Verdict: Not Guilty
Opinion Editorial by Tibor Machan -
Jul 2, 2007
2 ratings from readers
At last in the modern era, man can finally aim to live long and well. Yet an ancient source, religion, and a modern source, environmentalism, unite to undercut and denounce pursing personal happiness.
In my youth I got a substantial dose of guilt, mostly through the religion in which I was brought up.
No, I was not raised Jewish. But Jews are by no means the only ones who are inundated with feelings of guilt from the outset of their lives.
Nor is it only religions which have had a strong policy of making us all feel guilty for, well, nearly anything we might enjoy in life.
In the past, the religious doctrine of "original sin" was the main source of the idea of our fundamental corruption. Today, it tends to be the environmental movement which preaches this misanthropic doctrine.
Guilt mongering seems to know no national boundaries. Culture after culture denounces the human animal in large measure for our desire to enjoy our lives.
Somehow, paradoxically, it is all right to aim for bliss eternally, after death. But not for a few decades of it here on earth.
If it feels good, it must be something bad. That seems to be the basic point championed in so many circles, religious, secular, ethical, political, and psychological.
Well, actually, perhaps in clinical psychology happiness is still being affirmed as something proper to desire. Although even there the latest trend, judging by recent books, seems to be to denounce our aspirations to be happy.
Another paradox is that even though the bulk of the intellectual community has discarded the idea of free will, the idea of guilt hasn’t been discarded.
Yet, without free will, how can there be guilt? Dumb animals, as they used to be called, feel no guilt because they couldn’t have done better than they did, whereas people can choose badly. But they didn't have to, and that can leave the mark of guilt.
But even with free will, is it really the case that we choose so badly, so often? Is our so called materialism really such a terrible thing about us, or is it simply a very natural desire to fare well in life?
(And notice, it isn’t really materialism to desire fine or even useful stuff. None of it is purely material but mostly imaginatively and usefully shaped matter.)
Maybe what I would like to place on record is an affirmation of enjoying life instead of promoting, endlessly and with such zeal, the feeling of guilt in our lives.
This self-flagellation has gone on long enough. It is time to call a halt to it and to cast aside all those who are its cheerleaders.
Why do those who preach our essential guilt get to hold the moral high ground?
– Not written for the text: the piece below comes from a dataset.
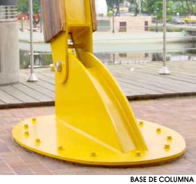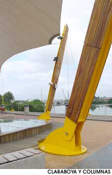 La columna es de acero forrado con madera, cada una de ellas tiene diferente altura y sección.

Why are they tolerated for the finger wagging, yet mostly arbitrary, accusers who they are?
The Al Gores and Jeremy Rifkins and Ralph Naders, with all their little helpers, just will not rest until we have all surrendered to them and gotten in line to renounce pleasure and joy, little and great, in human affairs.
Their erudition, the learning they have amassed seemingly so as to appear unanswerable in their guilt-mongering accusations, works only because most folks are hard at work making an effort to live instead of seeing a need to defend and affirm enjoying life.
But defend and affirm it we must or else the misanthropes will triumph yet again.
A very nice aspect of the modern world, something so many anti-happiness people despise about it, is that it can actually help people live a flourishing life on many fronts. Human beings are multifaceted. They have aesthetic, philosophic, economic, medical, culinary, familial, athletic, artistic, and many other dimensions to their lives.
At last, the modern era has ushered in the preconditions for creating and developing our own lives on all fronts — by creating individual rights, limited government, free markets, etc.
At last, we can actually aim to live long and well. And strive to have largely fulfilled lives.
But these aspirations must be defended. There are just too many people who are dead set on thwarting them, if only by attempting to make us feel guilty for having them in the first place.
Please find the will and the resources to resist their efforts.

Tibor Machan is the R. C. Hoiles Professor of Business Ethics & Free Enterprise at Chapman University's Argyros School of B&E and is a research fellow at the Pacific Research Institute (San Francisco, CA) and the Hoover Institution (Stanford University, CA).